Abstract 14320: Anti-Phosphorylcholine IgG Antibodies Reduce Restenosis and Vascular Inflammation by Inhibition of the Unfolded Protein Response in a Mouse Model of Accelerated Atherosclerosis
Background Restenosis due to inflammatory vascular remodeling remains a major issue in PCI. Anti-phosphorylcholine antibodies (anti-PC) are inversely related to CVD risk and natural IgM anti-PC prevent oxLDL uptake by macrophages, inflammation and atherogenesis. Unlike IgM, IgG abs can be produced in large quantities, allowing clinical application.

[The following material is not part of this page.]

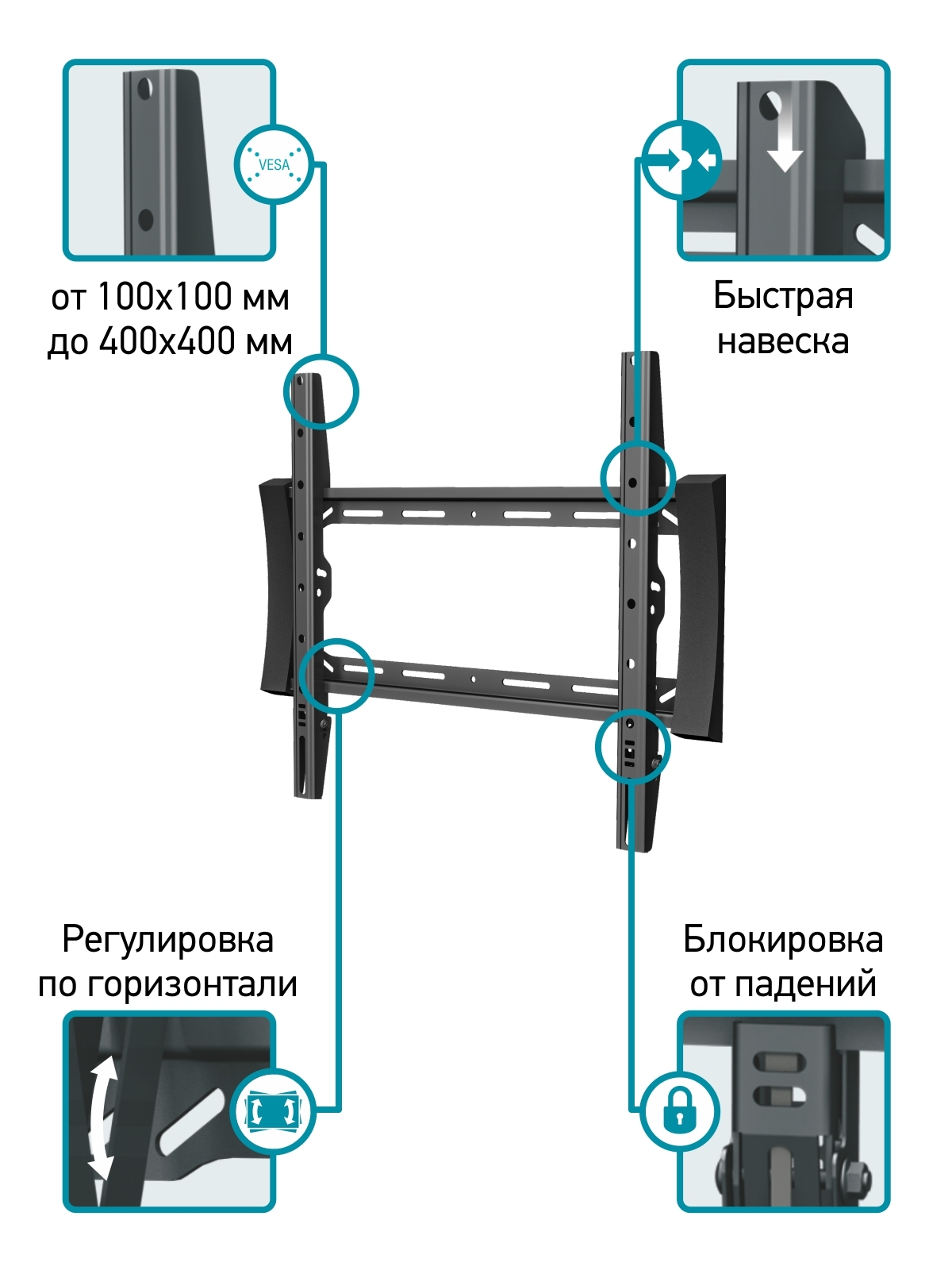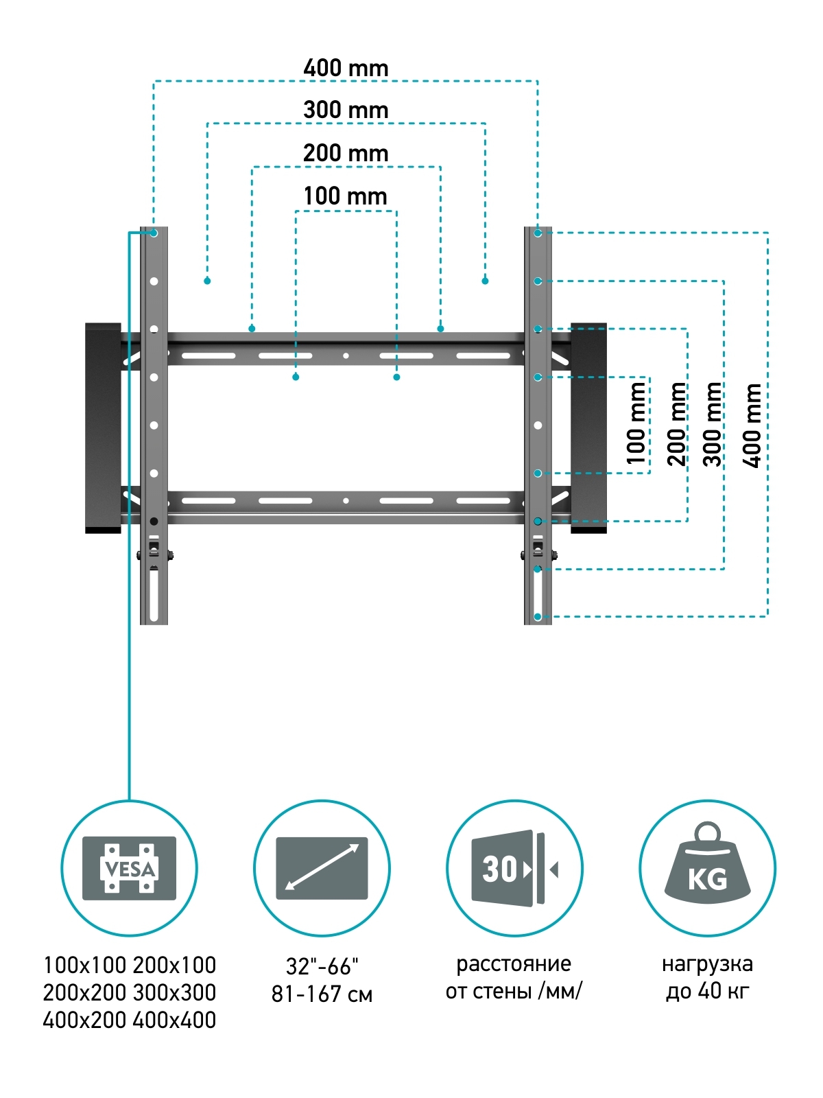 Настенное крепление (VESA)400x400 мм, 300x300 мм, 200x300 мм, 200x200 мм, 100x100 мм, 100x200 мм, 200x100 мм

Unfolded protein response (UPR), a set of signaling pathways activated during stress, is now emerging as an important link between inflammation and atherosclerosis.

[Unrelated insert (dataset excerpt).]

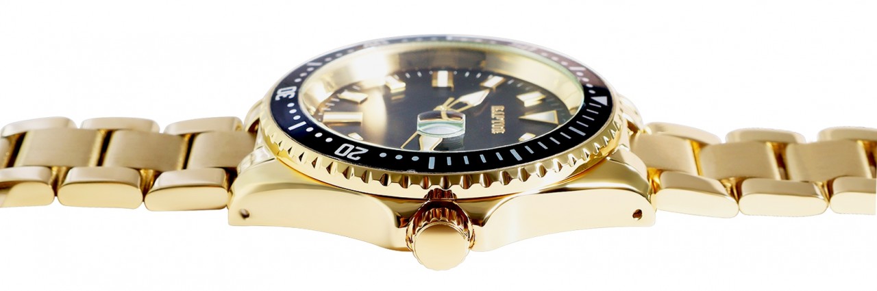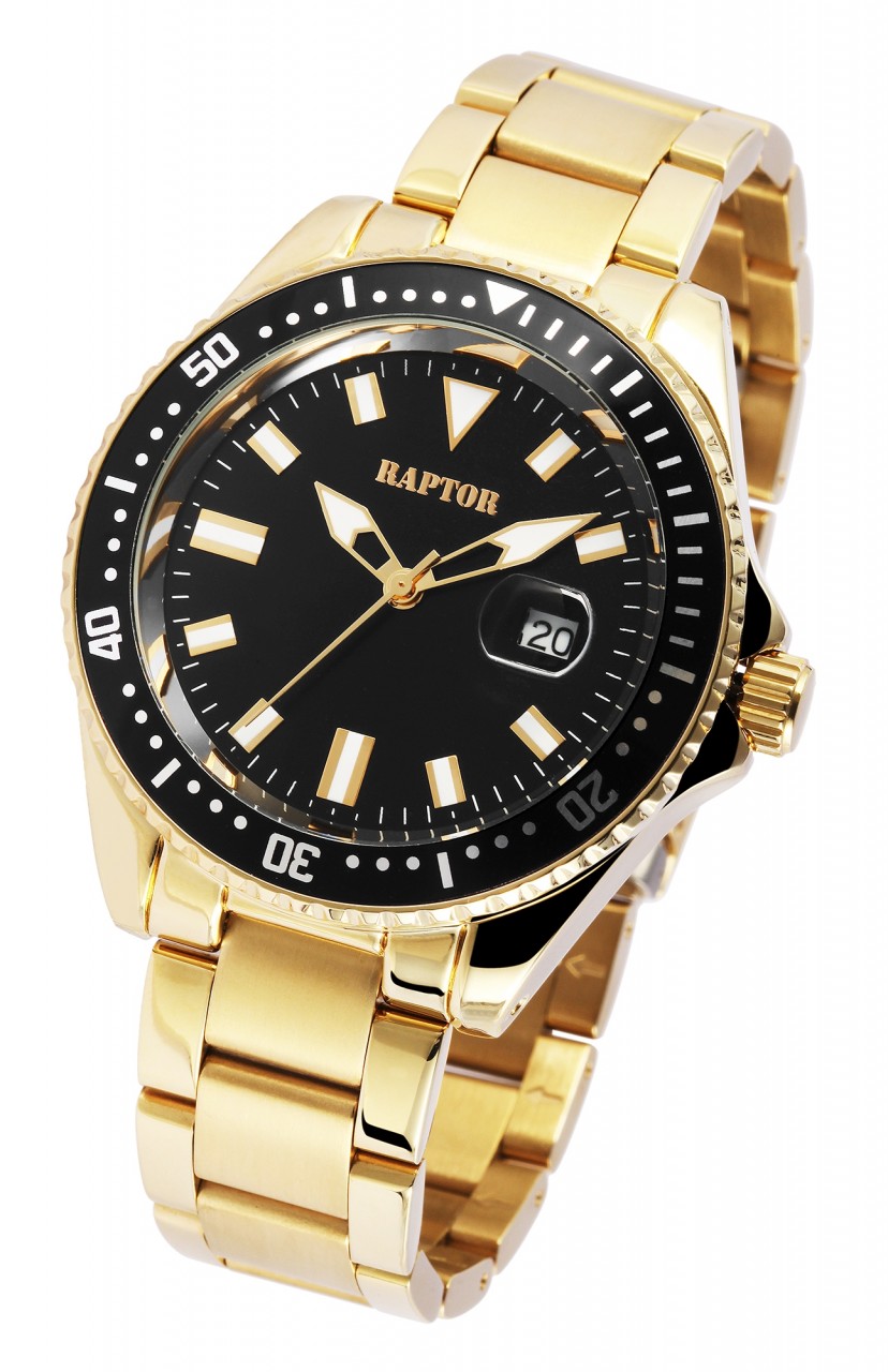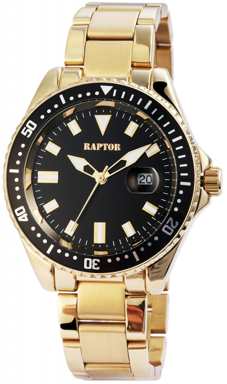O relógio de pulso analógico de 3 ponteiros para homem da marca Raptor possui um movimento de quartzo de alta qualidade. A bracelete de elos em aço inoxidável tem 20 mm de largura na extremidade e pode ser aberta e fechada com um fecho desdobrável em aço inoxidável. O comprimento total do relógio é de 22 cm. A caixa metálica com vidro mineral tem um diâmetro de 43 mm e uma altura de 11 mm. O relógio possui também uma indicação da data às três horas, que está adicionalmente equipada com uma lente de aumento no vidro. O fundo da caixa é feito de aço inoxidável e o relógio de homem é também resistente à água até 3 bar. Os ponteiros e índices revestidos a Superluminova facilitam a leitura das horas mesmo no escuro. Outro destaque deste relógio é a luneta rotativa, que acrescenta mais pormenores de moda ao modelo. Como acessórios para o seu produto, receberá um cartão de garantia e um relógio…

Hypothesis Anti-PC inhibit accelerated atherosclerosis by modulating the UPR in vascular cells.
Methods and Results Polyclonal IgM and IgG anti-PC abs from human serum and a recombinant anti-PC IgG construct, containing the murine T15/E06 PC antibody variable region and a human IgG1 constant region, were used to study oxLDL-uptake by THP-1-derived macrophages. Only IgM anti-PC, but not polyclonal or recombinant IgG anti-PC inhibited this process. However, both IgM and IgG anti-PC could prevent in vitro UPR activation, induced in endothelial cells by group X PLA2-phospholipolized LDL, as measured by UPR gene expression. Recombinant T15/E06 abs were used to passively immunize ApoE*3Leiden mice on a Western-type diet undergoing femoral arterial cuff placement to induce restenosis. T15/E06 significantly reduced early macrophage and leukocyte infiltration in the arterial wall and intimal thickening by >70% (p<0.001) after 14d, accompanied by increased relative SMC medial wall area and reduced relative leukocyte and macrophage areas in the arterial wall. Expression of UPR markers BiP/GrP78 and CHOP in the arteries was reduced by T15/E06 treatment.
Conclusions We showed that recombinant anti-PC IgG reduced accelerated atherosclerosis in mice potentially through UPR inhibition. Human IgG anti-PC has therefore potential as a new treatment of inflammation-associated CVD.
- © 2010 by American Heart Association, Inc.